[Stored data Boundary: Start]

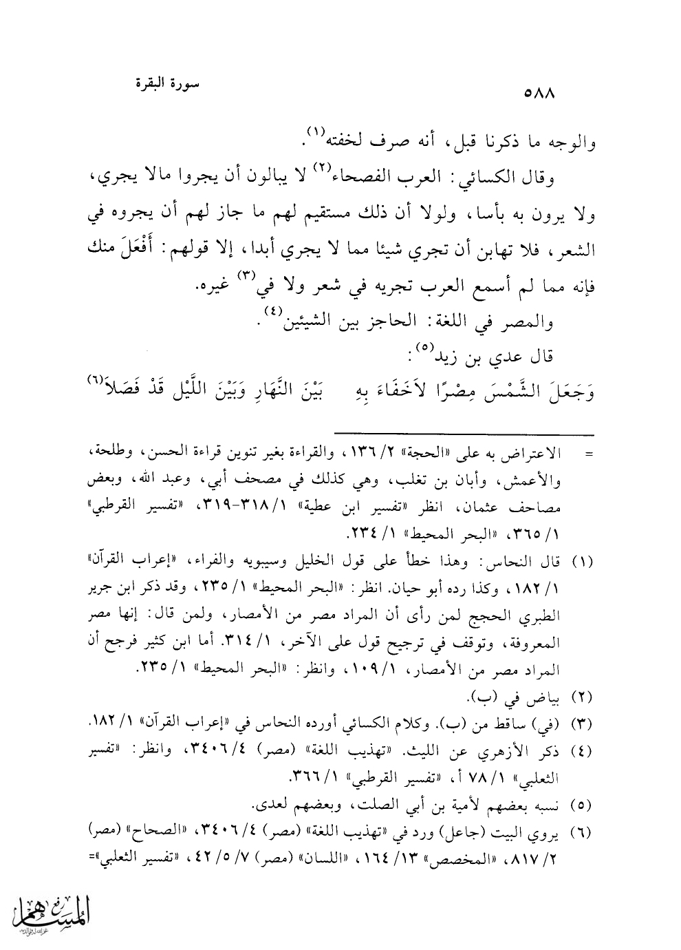 وَجَعَلَ الشَمْسَ مِصْرًا لاَخَفَاءَ بِهِ ... بَيْنَ النَّهَارِ وَبَيْنَ اللَّيْل قَدْ فَصَلاَ (¬6)
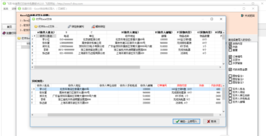 5.一般来说,卖家从电商网站下载的表格都是快递打印的,姓名、地址、电话等格式相对固定。我们在第一次导入Excel文件时,有时需要“绑定数据列”,这样以后在导入相同格式的Excel文件时,飞豆快递打印软件会智能识别之前绑定的数据列,直接导入,减少了时间成本。下图是我们要导入到批量打印中的卖家列表格式。
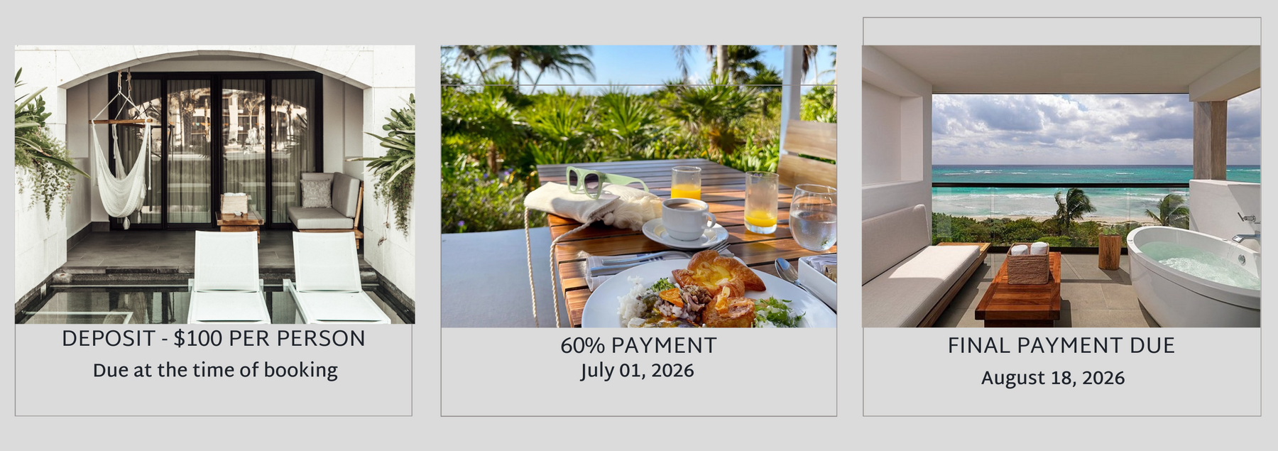 Our spacious Alcoba offers either a tropical or pool view, an outdoor lounge and spa tub for gathering at golden hour.
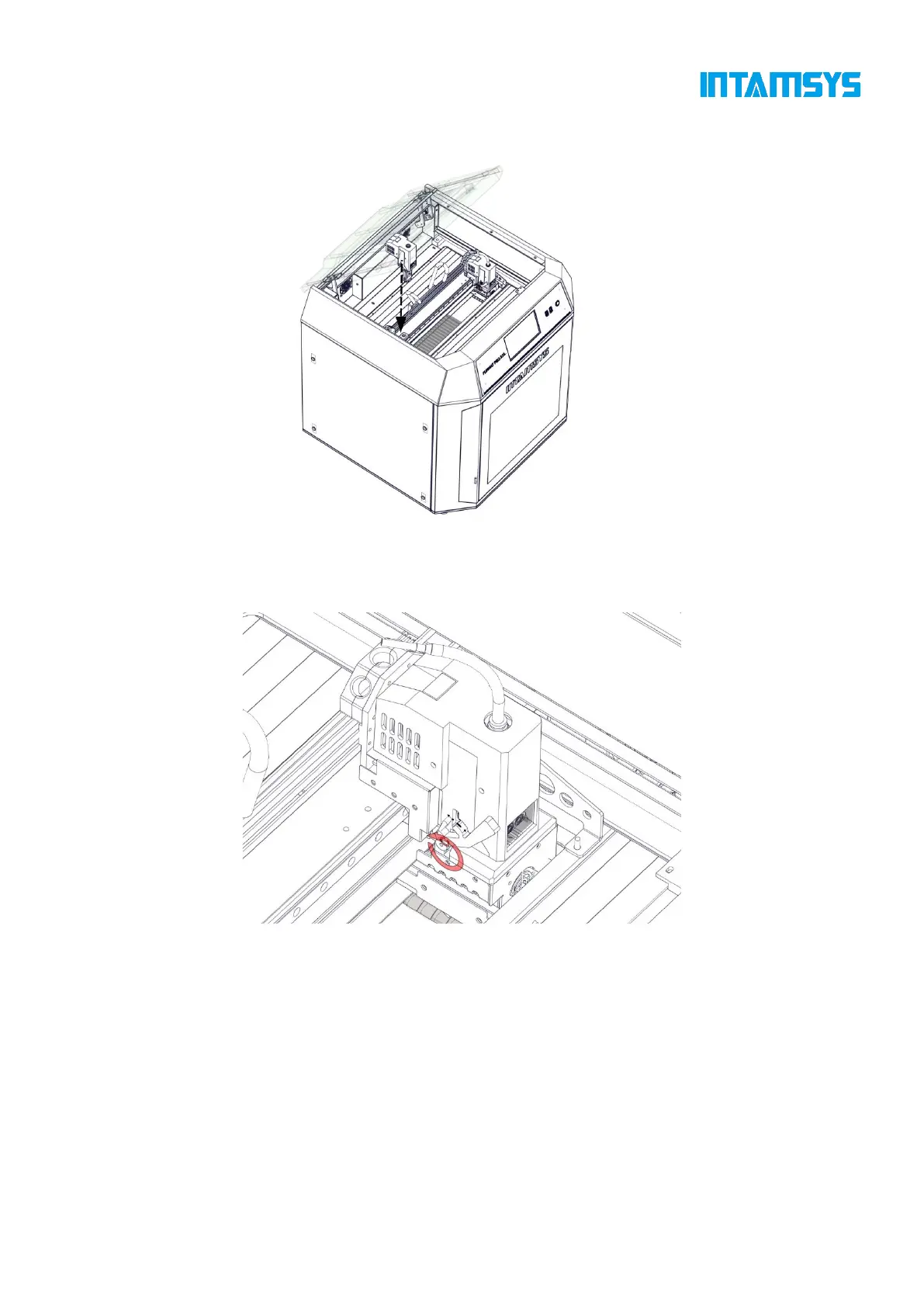Step 6: Rotate the pressure levers on both sides of the extruder holder upward to fix the extruder

[Stored data Boundary: End]

What you have to do: Reproduce, exactly and without pictures, the lines above from the one containing "5.一般来说,卖家从电商网站" through the last line of the material, both ends included, and nothing more.

Output below:
 5.一般来说,卖家从电商网站下载的表格都是快递打印的,姓名、地址、电话等格式相对固定。我们在第一次导入Excel文件时,有时需要“绑定数据列”,这样以后在导入相同格式的Excel文件时,飞豆快递打印软件会智能识别之前绑定的数据列,直接导入,减少了时间成本。下图是我们要导入到批量打印中的卖家列表格式。
 Our spacious Alcoba offers either a tropical or pool view, an outdoor lounge and spa tub for gathering at golden hour.
Step 6: Rotate the pressure levers on both sides of the extruder holder upward to fix the extruder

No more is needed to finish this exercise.